Task
What you produce should be the lines from the line containing "이번 이벤트는 장수몰" through the last line below, both ends included, reproduced exactly and without pictures.

Data section

◇ ◇ ◇

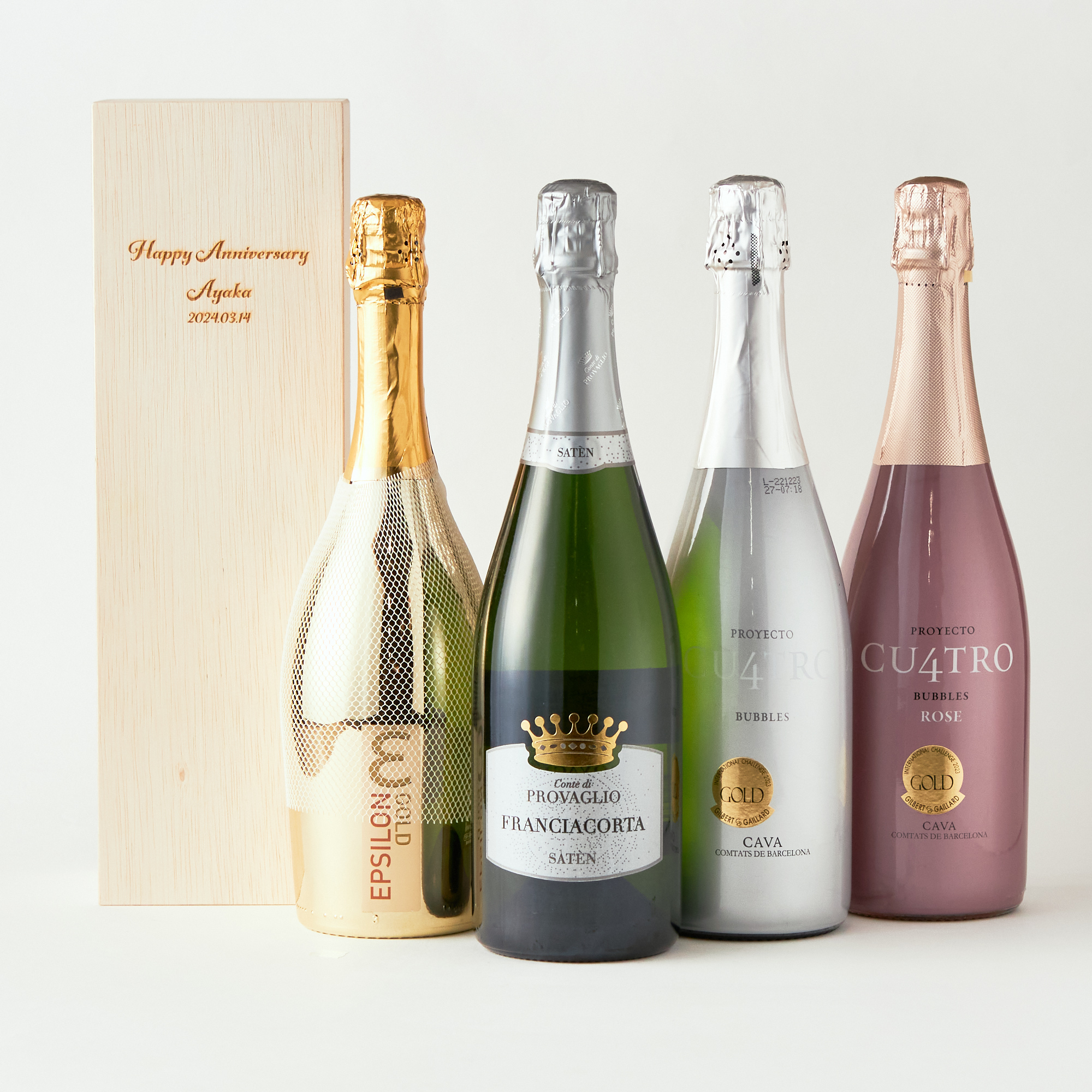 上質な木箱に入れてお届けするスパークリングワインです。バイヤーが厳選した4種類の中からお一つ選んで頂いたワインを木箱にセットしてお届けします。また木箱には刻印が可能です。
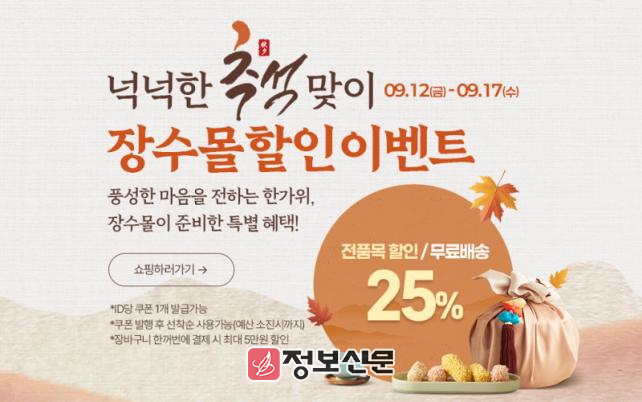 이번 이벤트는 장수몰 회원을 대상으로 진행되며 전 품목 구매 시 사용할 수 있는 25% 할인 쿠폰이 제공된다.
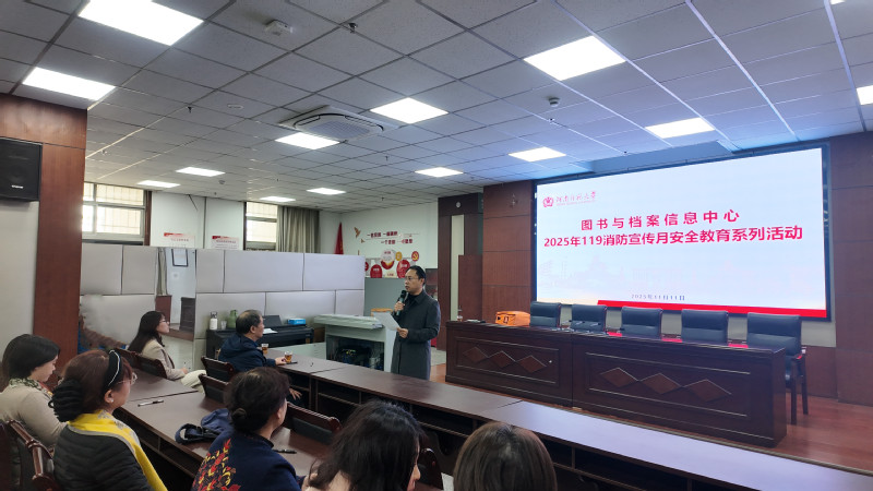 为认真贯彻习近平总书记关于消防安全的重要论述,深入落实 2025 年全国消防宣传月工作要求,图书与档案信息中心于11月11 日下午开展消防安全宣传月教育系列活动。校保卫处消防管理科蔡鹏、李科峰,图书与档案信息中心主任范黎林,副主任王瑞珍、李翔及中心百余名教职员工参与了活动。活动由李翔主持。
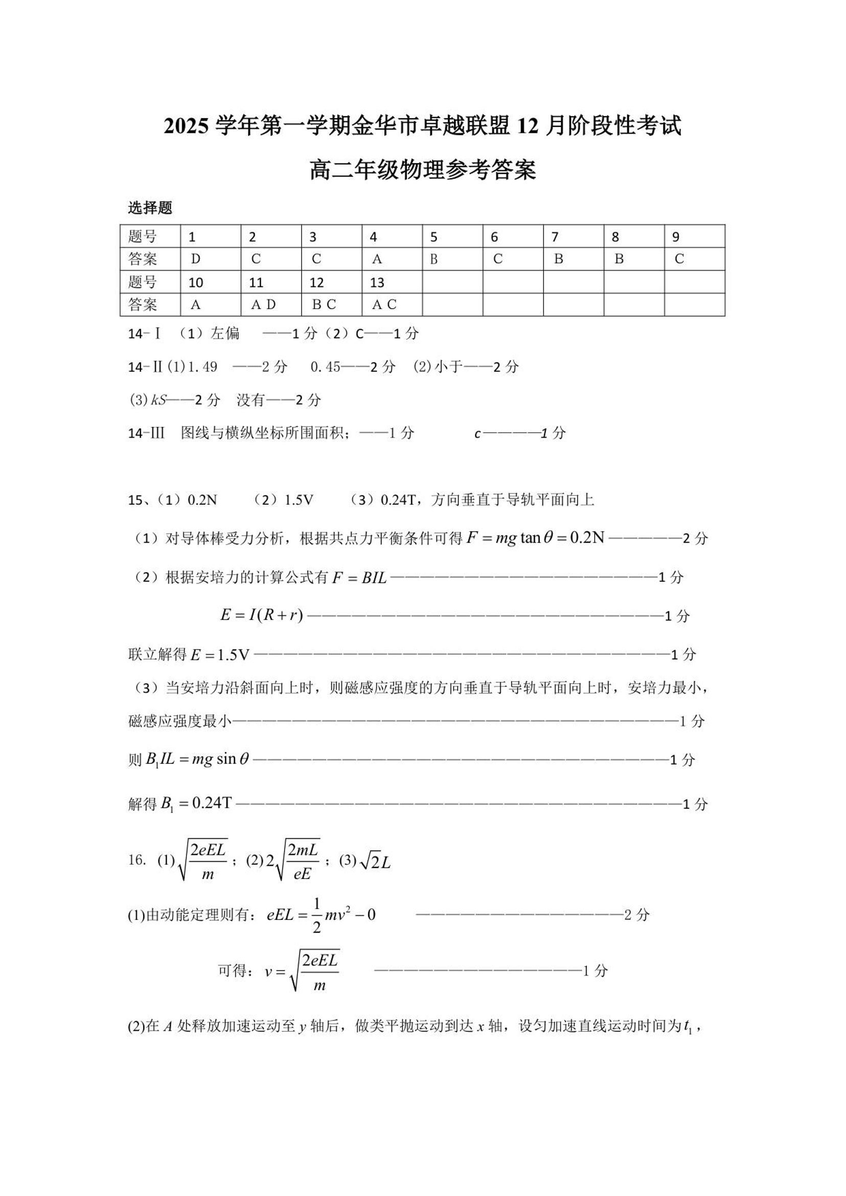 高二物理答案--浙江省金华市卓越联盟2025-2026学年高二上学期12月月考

◇ ◇ ◇

Expected output
 이번 이벤트는 장수몰 회원을 대상으로 진행되며 전 품목 구매 시 사용할 수 있는 25% 할인 쿠폰이 제공된다.
 为认真贯彻习近平总书记关于消防安全的重要论述,深入落实 2025 年全国消防宣传月工作要求,图书与档案信息中心于11月11 日下午开展消防安全宣传月教育系列活动。校保卫处消防管理科蔡鹏、李科峰,图书与档案信息中心主任范黎林,副主任王瑞珍、李翔及中心百余名教职员工参与了活动。活动由李翔主持。
 高二物理答案--浙江省金华市卓越联盟2025-2026学年高二上学期12月月考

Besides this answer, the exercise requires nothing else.